Start of Block

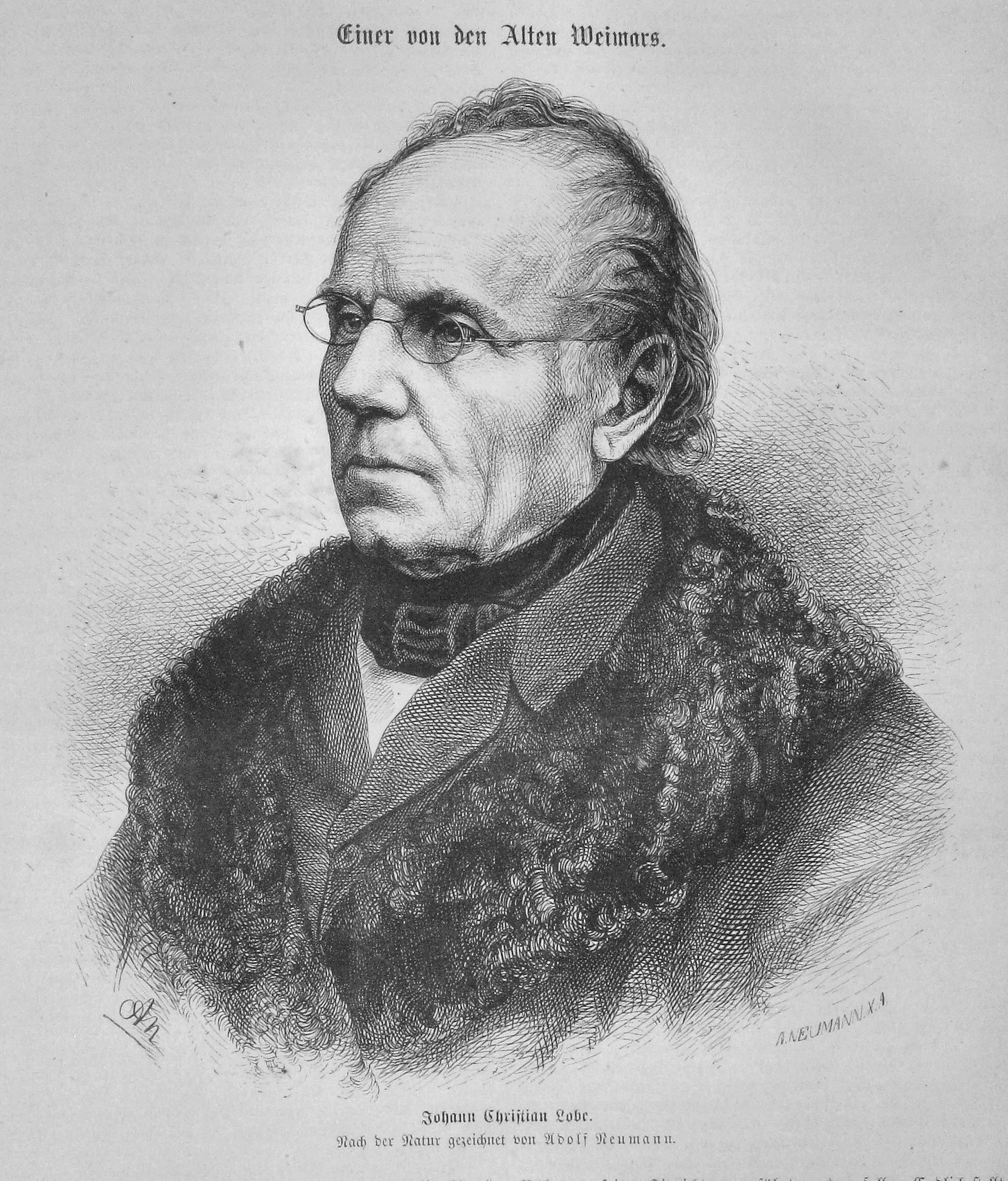 caption: "Johann Christian Lobe. Nach der Natur gezeichnet von Adolf Neumann."
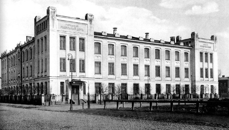 Abrikosov Hospital in Miusskaya Square by Illarion Ivanov-Schitz, 1900-1905.
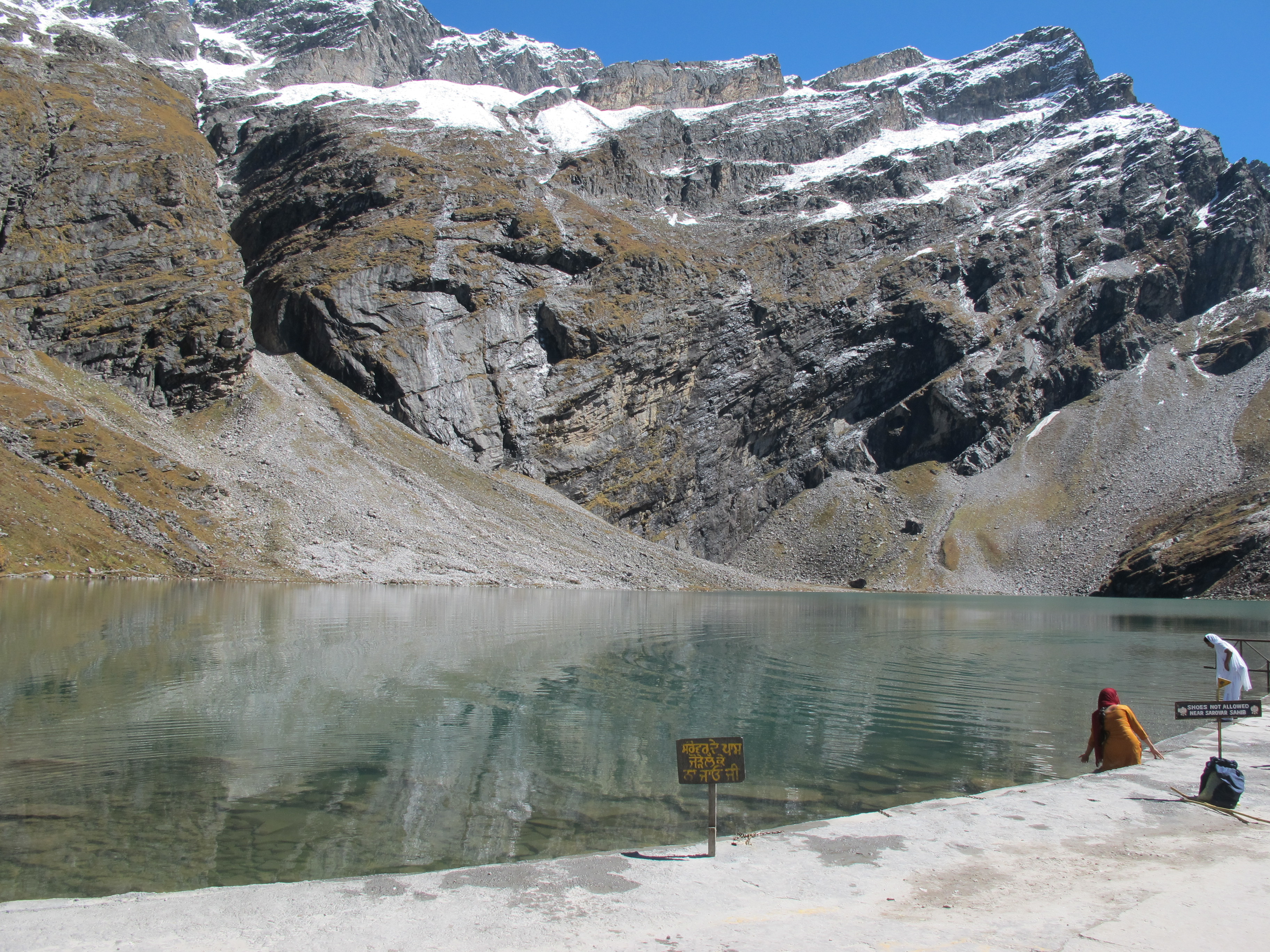 Hemkund Lake, Spetember
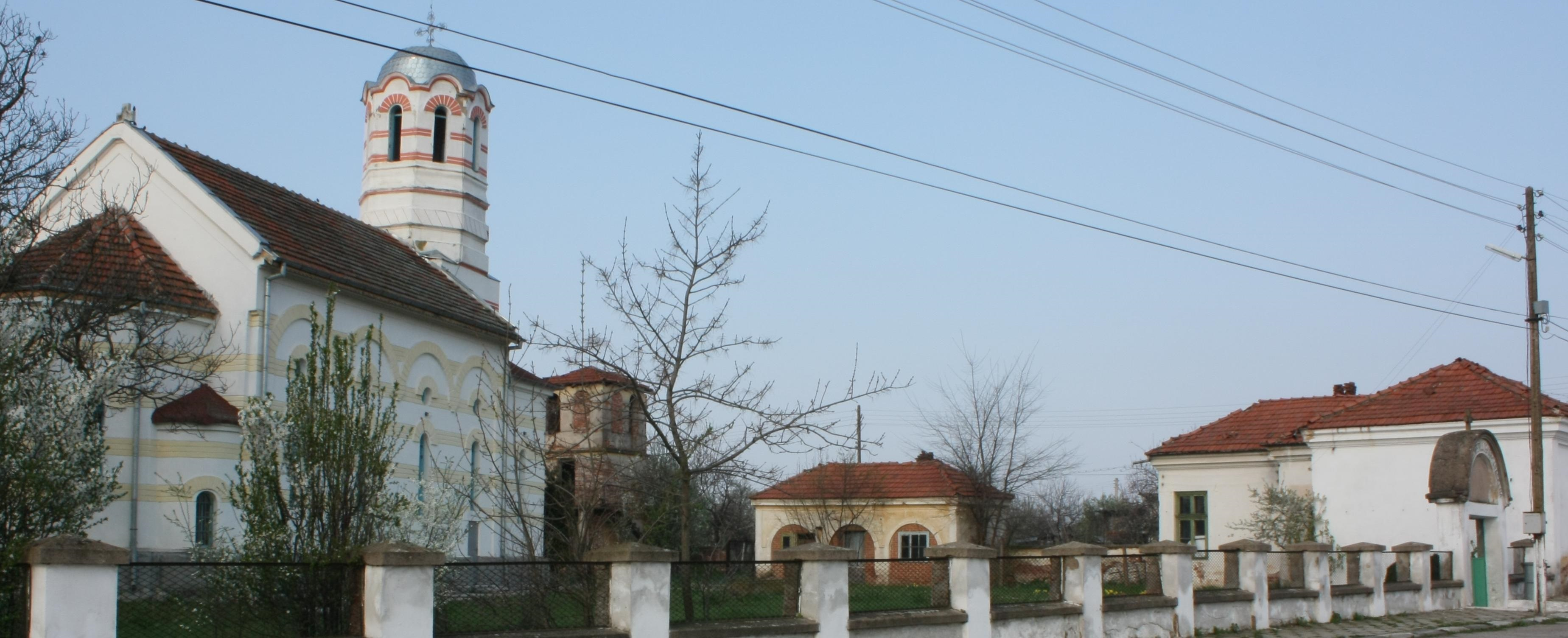 Църква Св. преподобна Параскева, гр. Брусарци.
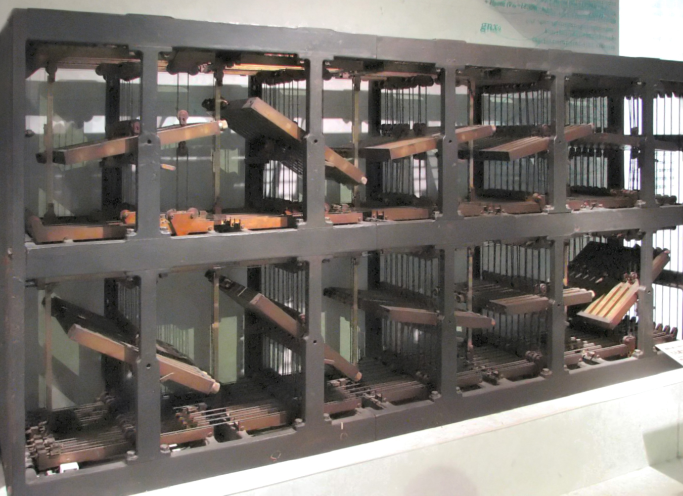 Wilbur machine, analogue computer

End of Block

**Assignment**
Go through the entries above and output them exactly, without pictures.

**Result**
 caption: "Johann Christian Lobe. Nach der Natur gezeichnet von Adolf Neumann."
 Abrikosov Hospital in Miusskaya Square by Illarion Ivanov-Schitz, 1900-1905.
 Hemkund Lake, Spetember
 Църква Св. преподобна Параскева, гр. Брусарци.
 Wilbur machine, analogue computer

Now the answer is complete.